--- TRY IT ---
The lines below, from the one holding "副总经理郑杰代表公司与采矿车间签订安全生产责任状。" through the one holding "フリスビーを投げて,ゴールのかごに入れる回数を競い合います。", are to be restated word for word, with all images left out.

--- STORED DATA ---
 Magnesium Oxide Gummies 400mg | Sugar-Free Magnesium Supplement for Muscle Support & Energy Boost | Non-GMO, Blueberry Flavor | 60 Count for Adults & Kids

---

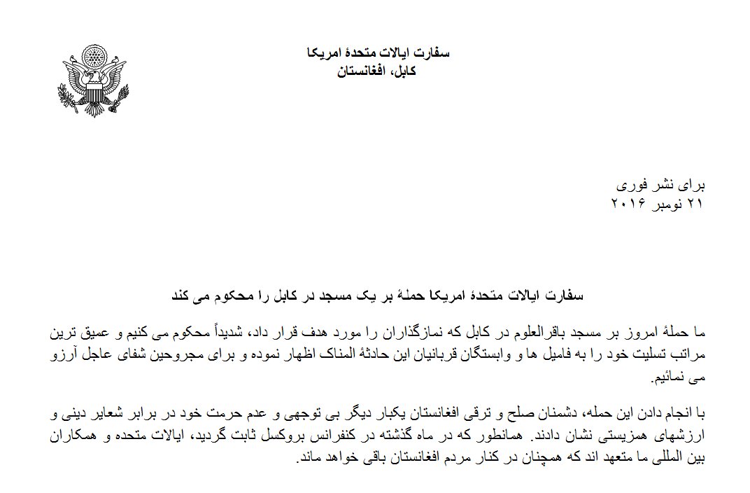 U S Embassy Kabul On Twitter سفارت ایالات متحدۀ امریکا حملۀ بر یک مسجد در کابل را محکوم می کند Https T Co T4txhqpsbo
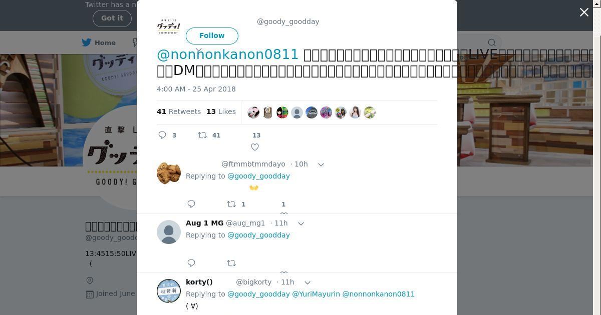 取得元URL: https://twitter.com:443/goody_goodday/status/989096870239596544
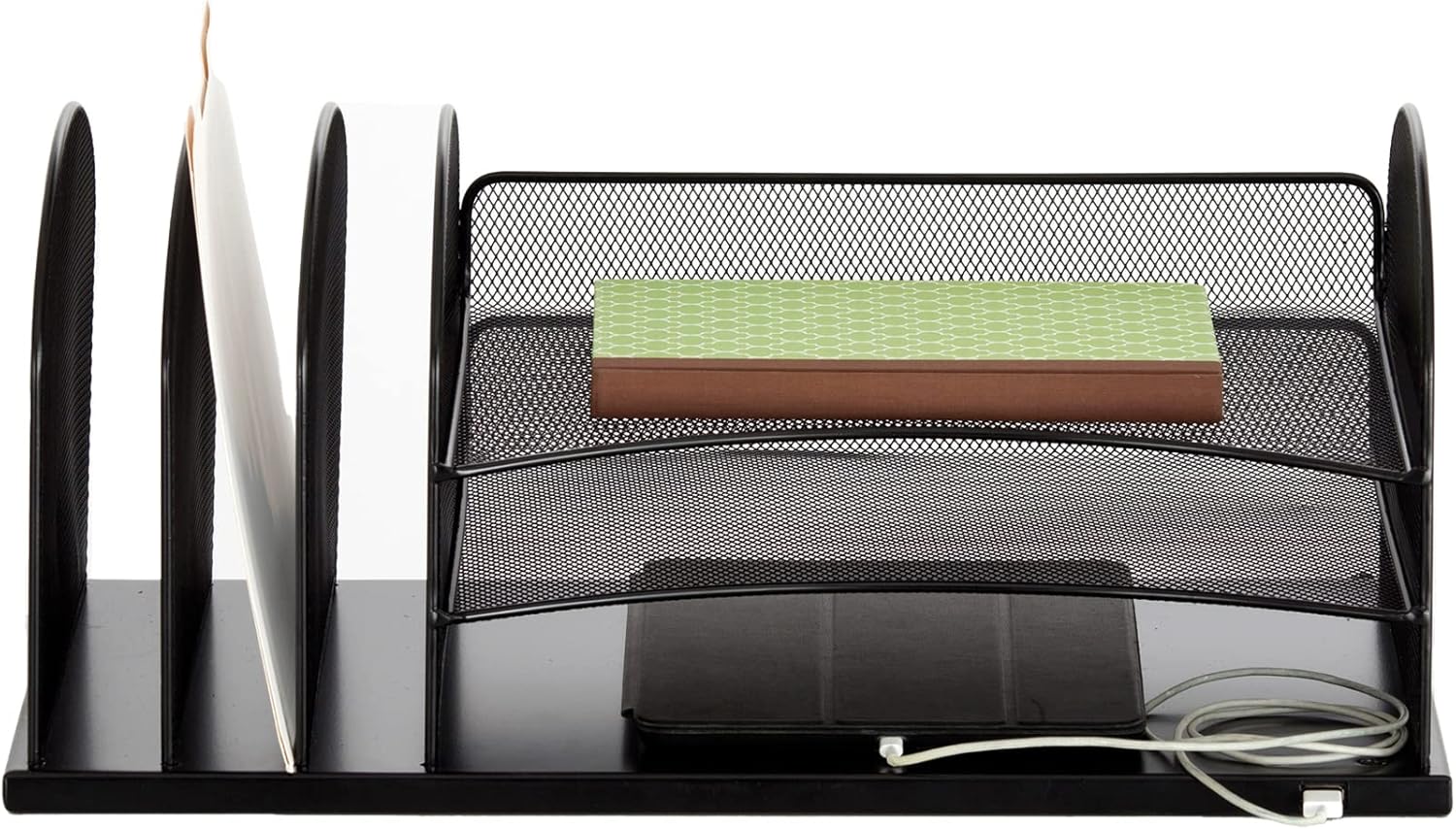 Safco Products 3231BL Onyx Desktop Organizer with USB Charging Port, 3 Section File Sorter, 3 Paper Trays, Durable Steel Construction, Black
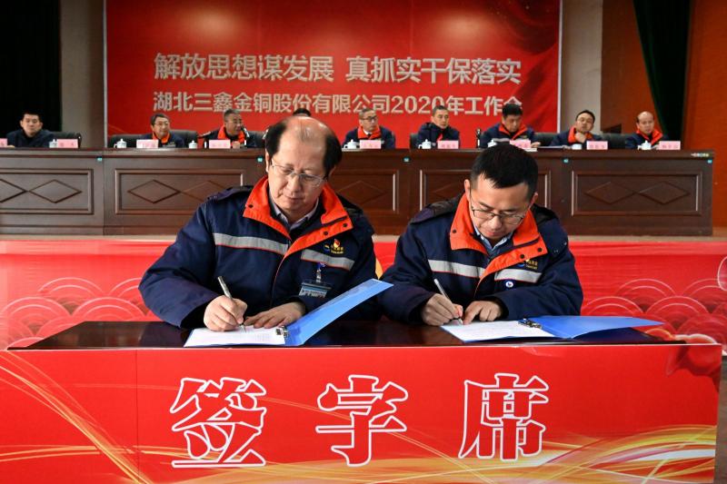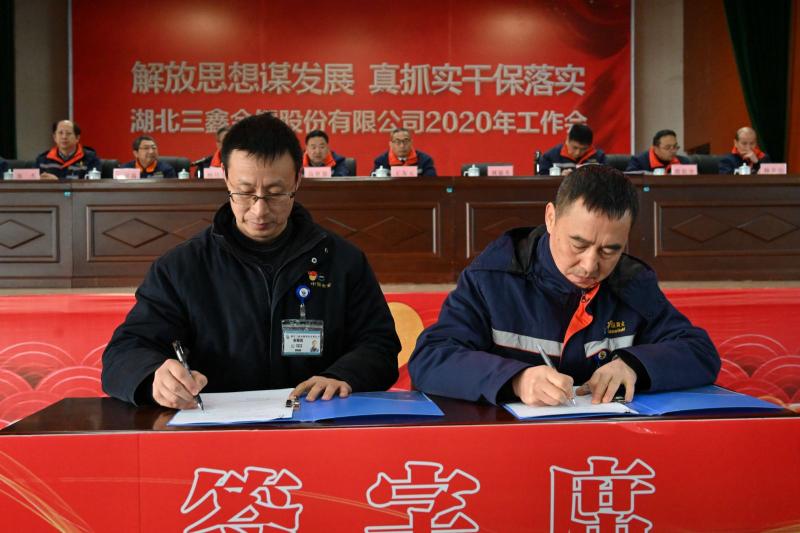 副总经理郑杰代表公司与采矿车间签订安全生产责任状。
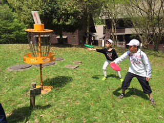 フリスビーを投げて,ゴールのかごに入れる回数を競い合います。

--- TASK OUTPUT ---
 副总经理郑杰代表公司与采矿车间签订安全生产责任状。
 フリスビーを投げて,ゴールのかごに入れる回数を競い合います。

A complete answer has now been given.